Nor could the dwindling volume of labour be compensated by increases in its productivity. Slave agriculture in the late Republic and early Empire was more rational and profitable to landowners than any other form of exploitation of the soil, partly because slaves could be utilized full-time, where tenants were unproductive for considerable stretches of the year.37 Cato and Columella carefully enumerate all the different indoor and out of season tasks to which they could be set when there were no fields to be tilled or crops to be gathered. Slave artisans were just as proficient as free craftsmen, since they tended to determine the general level of skills in any trade by their employment in it. On the other hand, not only did the efficiency of the latifundia depend on the quality of their vilicus bailiffs (always the weak link in the fundus), but supervision of slave-labourers was notoriously difficult in the more extensive cereal crops.38 Above all, however, certain inherent limits of slave productivity could never be overcome. The slave mode of production was by no means devoid of technical progress; as we have seen, its extensive ascent in the West was marked by some significant agricultural innovations, in particular the introduction of the rotary mill and the screw press. But its dynamic was a very restricted one, since it rested essentially on the annexation of labour rather than the exploitation of land or the accumulation of capital; thus unlike either the feudal or capitalist modes of production which were to succeed it, the slave mode of production possessed very little objective impetus for technological advance, since its labour-additive type of growth constituted a structural field ultimately resistant to technical innovations, although not initially exclusive of them. Thus, while it is not wholly accurate to say that Alexandrine technology remained the unchanging basis of work-processes in the Roman Empire, or that no labour-saving devices of any kind were ever introduced in the four centuries of its existence, the boundaries of the Roman agrarian economy were soon reached, and rigidly fixed.

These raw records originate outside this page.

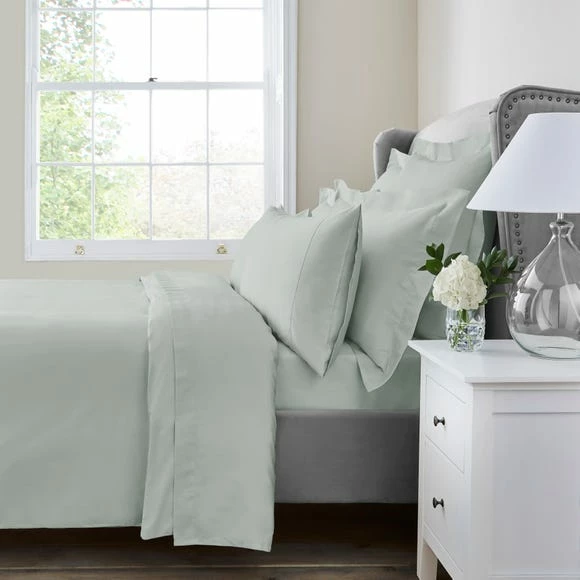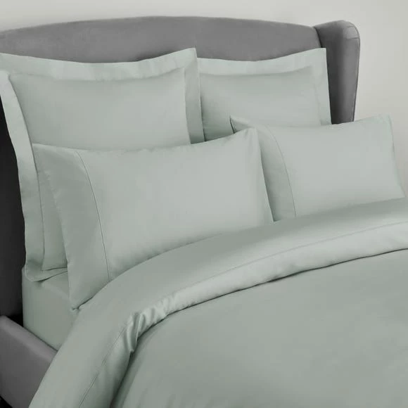 Featuring a pale grey green colourway, this duvet cover has been crafted from a sumptuously soft 100% cotton sateen with a 300 thread count which provides an opulent handle that can be machine washed for easy care. This duvet cover comes with a premium 10 year guarantee, in a variety of sizes and a has wide range of coordinating items available.
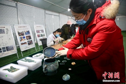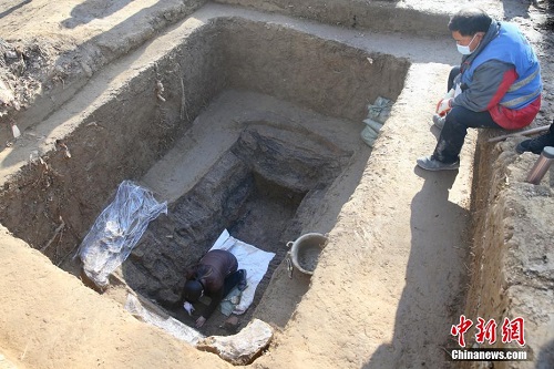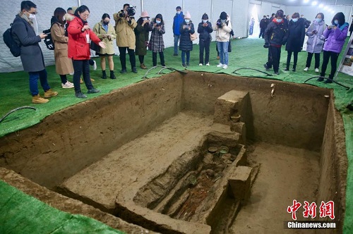 12月7日,北京琉璃河遗址考古发掘现场,考古现场负责人王晶向探访媒体记者介绍正在发掘的M1902号墓葬。据悉,此次考古共发掘西周早期墓葬5座、房址3座、疑似城外环壕1条,出土铜器、漆器、陶器、海贝、象牙器、丝织品标本等各类文物100余件。其中,曾出土堇鼎、伯矩鬲的西周墓葬的重启工作尤为引人注目。 中新社记者 易海菲 摄
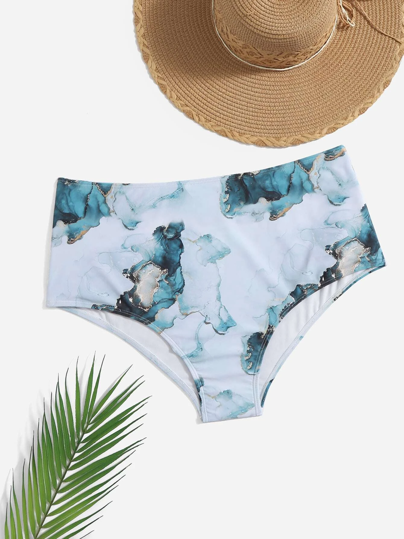 Plus Marble Print Bikini Bottom, For Summer Beach Vacation
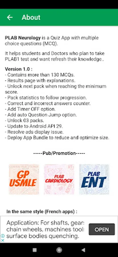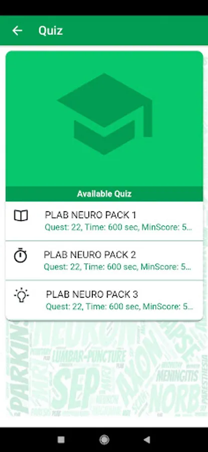 PLAB Neurology is an MCQ quiz Application that provides more than 100 training questions in Cardiology for people who want to take the PLAB 1 test. We took only Neurology Questions and broke them down into packs so that you can unlock them one by one.
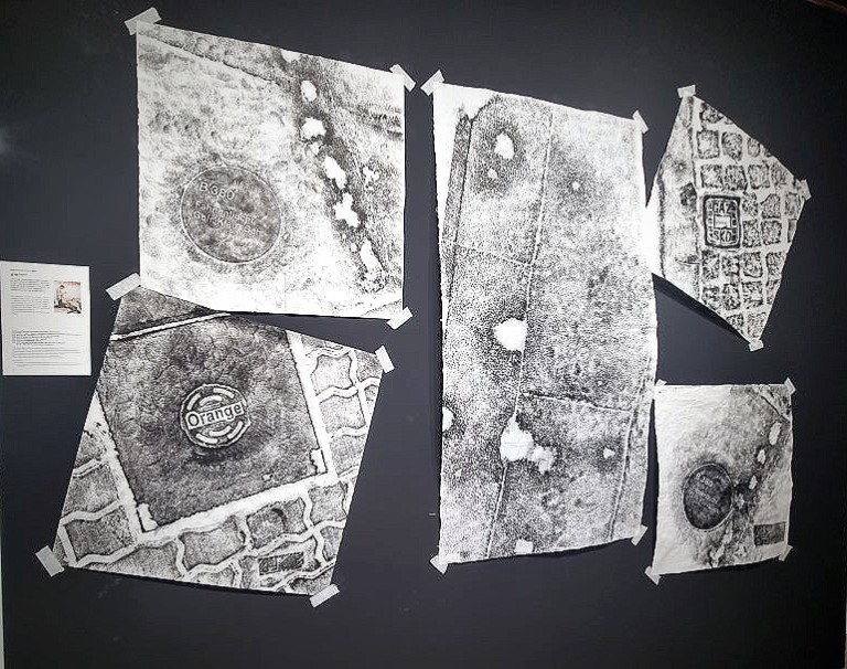 나는 탁본의 두드림을 통해 분단의 역사 속에서 사라졌던 이들을 부른다. 이것은 나만의 주술적 의식이다. 그렇게 만든 탁본 이미지 위로 쓰러진 사람의 그림자가 함께 나타나 있다.
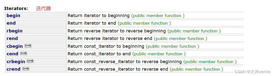iterator const_iterator reverse_iterator const_reverse_iterator
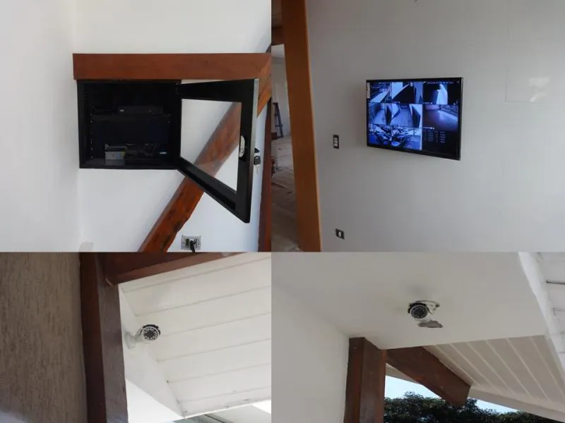 Projeto de CFTV e Alarme residencial com 08 pontos de monitoramento de câmeras e 04 zonas de alarme (perimetral e interno). Executado toda infra, cabeamento, instalações e configuração. Instalação e montagem de rack embutido para alocação do gravador de imagem e central de alarme.
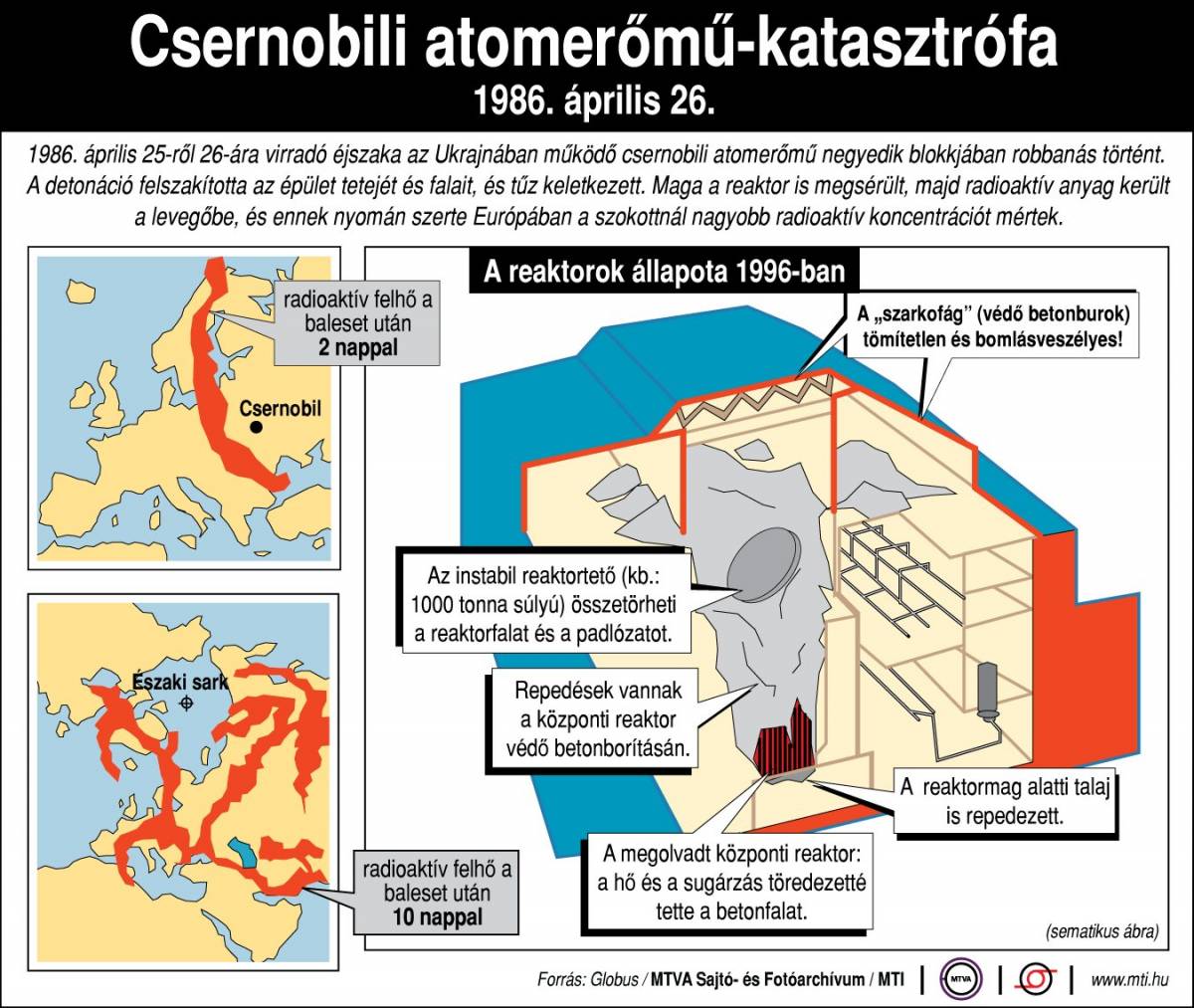 Helyi idő szerint éjjel egy óra 23 perckor hiba csúszott egy próbaüzembe, a négyes számú reaktor felrobbant (gáz- és vegyi detonáció következtében). Bekövetkezett a legsúlyosabb baleset, ami egy atomerőműben elképzelhető. A detonáció napokon át radioaktív részecskéket röpített a levegőbe, a radioaktív felhő Nyugat-Európa fölé húzódott. Tízezrek voltak kénytelenek elhagyni a környéket.
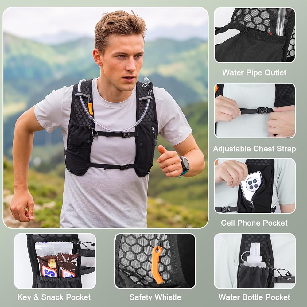 【ERGONOMIC BREATHABLE COMFORT】- Breathable mesh fabric enhances air circulation for fast heat dissipation and sweat wicking. Fully adjustable shoulder, chest and waist straps provide a personalized fit for this hydration pack, keeping you cool and comfortable during long workouts.
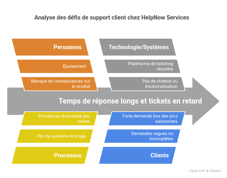 L'équipe de support client chez "HelpNow Services" a du mal avec des temps de réponse longs et des tickets en retard, affectant la satisfaction des clients.
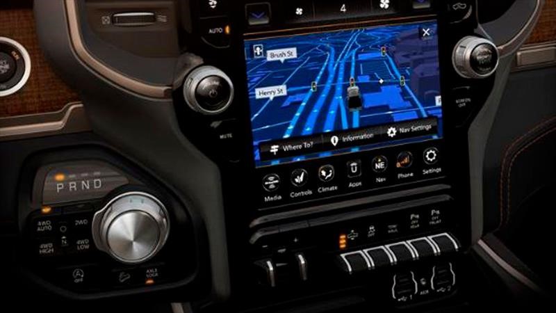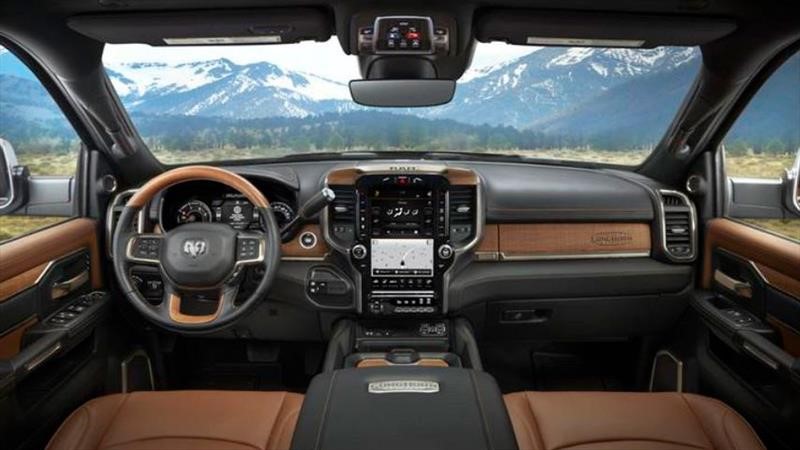 La RAM 1500 Mild-Hybrid Longhorn Bitono 2020, cuenta con un clúster digital de siete pulgadas con pantalla de alta definición y gráficos en 3D, un sistema de info-entretenimiento Uconnect 4C con pantalla de 12 pulgadas dividida, que permite utilizar dos aplicaciones al mismo tiempo, cámara de 360 grados, quemacocos y un sistema de audio premium firmado por Harman Kardon de 19 bocinas, que se introduce por primera vez en una pick up.

The insuperable social obstacles to further technical progress – and the fundamental limits of the slave mode of production – were, in fact, strikingly illustrated by the fate of the two major inventions which were recorded under the Principate: the water-mill (Palestine at the turn of the 1st century A.D.) and the reaping machine (Gaul in the 1st century A.D.). The immense potential of the water-mill – basic to later feudal agriculture – is evident enough: for it represented the first applied use of inorganic power in economic production: as Marx commented, with its appearance, ‘the Roman Empire handed down the elementary form of all machinery in the water-wheel’.39 The Empire, however, made no general use of the invention itself. It was in practice ignored under the Principate; in the later Empire, its incidence was somewhat more frequent, but it never seems to have become a normal instrument of Ancient agriculture. Likewise, the wheeled harvester introduced to accelerate reaping in the rainy climate of the North, was never adopted on any scale outside Gaul.40 Here, the lack of interest was a reflection of a wider failure to alter the methods of Mediterranean dry-soil agriculture – with its scratch-plough and two-field system – on the heavy, moist lands of Northern Europe, which needed new instruments of labour to be fully exploited. Both cases amply demonstrate that mere technique itself is never a prime mover of economic change: inventions by individuals can remain isolated for centuries, so long as the social relations have not emerged which alone can set them to work as a collective technology. The slave mode of production had little space or time for the mill or the harvester: Roman agriculture as a whole remained innocent of them to the end. Significantly, the only major treatises of applied invention or technique to have survived from the Roman Empire were military or architectural – designed essentially for its complex of weaponry and fortifications, and its repertoire of civic ornamentation.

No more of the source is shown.